Here's Peta teaching on the Reformer in our Shipston studio
Essential Information
  • How long? 45 minutes (daytime) or 60 minutes (evening).
  • Where? Our brand new studio here in Stratford upon Avon.
  • How much? Prices start at £10.16 per class.
  • Who can attend? KEY classes are suitable for beginners. ENERGY classes are for those with a little more experience.
  • How can I book? You can book and pay online here!
If you have health problems please contact us to check if these classes will be suitable for you.

Do you have any other questions about Group Reformer Classes at Pilates Place? Let us know in the comments below, or email us at

Wednesday, 31 August 2016

Pilates and yoga … what’s the difference?

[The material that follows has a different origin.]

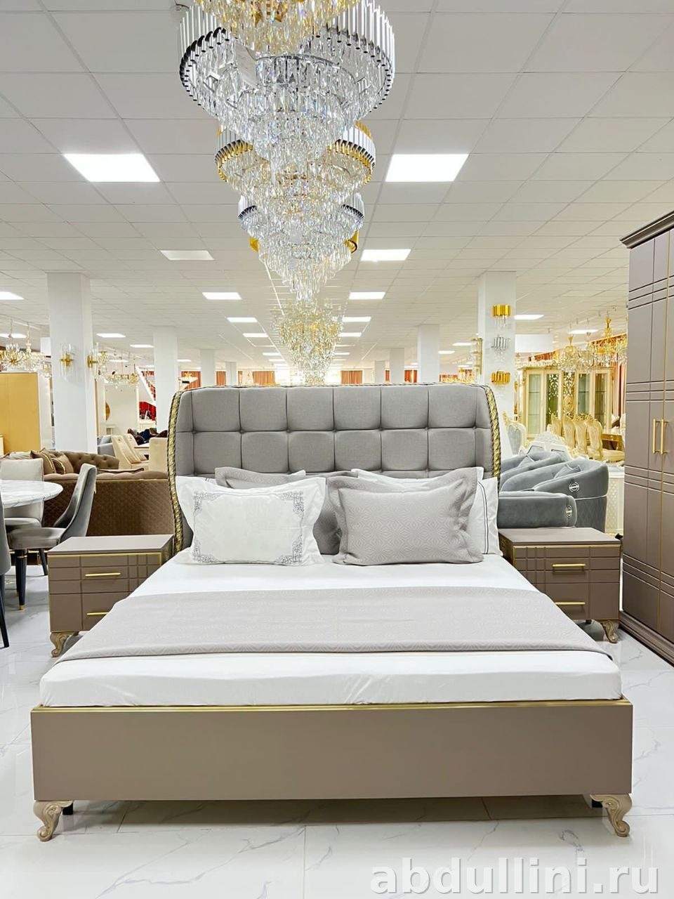 Мебельный комплект включает кровать, две прикроватные тумбочки и шкаф. Основной цвет — приглушенный серо-бежевый с теплым подтоном. Отделка матовая, декоративные элементы выполнены в золотистом цвете.

With so many exercise classes to choose from … Reformer Pilates, Bikram yoga, mat Pilates, Yogalates … any beginner is likely to be a bit flummoxed!

A Reformer Pilates class.
The truth is there are important differences between yoga and Pilates. Let’s start with the fact that Pilates was invented in the 20th century, while yoga has its roots in ancient Hindu religious practices. Interestingly, Pilates takes inspiration from yoga and borrows other ideas from martial arts and gymnastics.

Pilates is all about the core
As for the classes themselves, all Pilates classes will focus on strengthening the “core” muscles in the abdomen, lower back, hips, and bottom. But when Pilates is done right it gets the whole body involved. Mat Pilates classes are most popular because no special equipment is needed and it can be taught anywhere, from leisure centres to village halls.

However, Pilates exercises were first developed to be done on large pieces of equipment in a dedicated Pilates studio. The machines (such as the “Reformer”) add resistance to make the exercises more effective. All Pilates exercises should be performed slowly and precisely to get the most benefit from each repetition.

Joseph Pilates on the Reformer. Yep, he was the
inventor of Pilates, or "Controlology" as he called it

What about yoga?
Although yoga is ancient it’s not old! Yoga is continually evolving and many popular forms are recent innovations, such as Bikram or “hot” yoga (practiced in 40 °C heat!) which was developed in the 1960s. Most yoga classes provide a total body workout as well as paying attention to breathing and mental focus. Some forms of yoga, like restorative yoga, are more focused on relaxation and improving flexibility.

A yoga class.

Ultimately different people are looking for different things in an exercise class. If you are interested in combining exercise with relaxation, meditation, and spirituality then yoga is definitely worth exploring. Pilates mat classes are great for beginners, but if you are recovering from an injury or have back pain, studio Pilates will be more tailored to your needs.

What's right for YOU
Both Pilates and yoga will make you stronger and more flexible, but only if you commit to practicing them regularly. Of course you don’t have to choose one or the other, and if you have the opportunity to try both yoga and Pilates, they can complement each other very well.